Transcriptome analysis
RNA-seq processing
Raw RNA-Seq read counts were download from the GDC portal for the TCGA-SKCM cohort, and from the CCLE data portal for the melanoma cell lines. Counts of protein coding genes were converted to CPM after TMM normalization using the edgeR package. RPKM/FPKM values were calculated using the rpkm function.
Deconvolution of transcriptomic profiles by NMF
We used NMF (as implemented in the NMF71 R package) to deconvolve cancer and stromal transcriptomic profiles in the TCGA-SKCM cohort. The output of NMF consists of 2 matrices, W and H, whose product is the approximated matrix of observed CPM values. In this context, W is a gene-by-signature matrix containing the weights of each gene’s contribution to a signature and H is a signature-by-sample matrix containing the weight of each signature’s contribution to a sample. Here, signatures can be seen as cell-type specific gene expression modules. NMF was applied to a matrix of CPM values for 5000 genes and 470 samples, with the Brunet optimization algorithm. The genes were selected to have the largest mean absolute deviation (calculated using log-transformed CPM values) amongst autosomal protein coding genes with a mean RPKM > 1. The optimal number of signatures (i.e. decomposition rank) was determined using the proportion of ambiguous clustering (PAC).72 The final NMF decomposition is provided in Supplementary Tables 14 (matrix W) and 15 (matrix H).

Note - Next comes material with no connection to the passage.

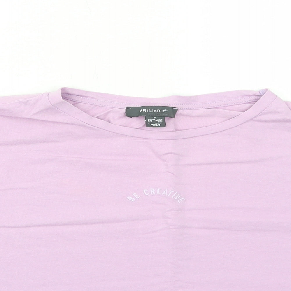 Primark Womens Purple Cotton Cropped T-Shirt Size M Round Neck

Confirmation of intrinsic profiles using PCA and clustering
We recovered the three intrinsic NMF signatures using a classical clustering approach on purity adjusted gene expression. To mitigate the effect of stromal cell contamination, we restricted our analysis to genes with at least one read in all samples and whose expression (log-transformed CPM) positively correlated with tumor purity (Pearson correlation > 0.1) and not strongly positively correlated with NMF’s keratin signature (Pearson correlation < 0.2). The log-transformed CPM values of 5166 retained genes were regressed (linearly) on tumor purity. Genes were ranked by decreasing variance of the residuals, and the top 1500 were used for clustering of the tumor samples using the ConsensusClusterPlus73 R package, with 1000 resampling iterations of kmeans clustering with k = 3. The transcriptomic subgroup of each sample was assigned based on their membership to one of the 3 clusters.
Transcriptomic signatures and xCell analysis
A gene by sample matrix of mRNA RPKM expression values for 468 TCGA samples was passed to xCell to obtain cell-type enrichment scores for each sample. Spearman’s correlation between cell-type’s scores and NMF component weights was computed and plotted in Figure 6e.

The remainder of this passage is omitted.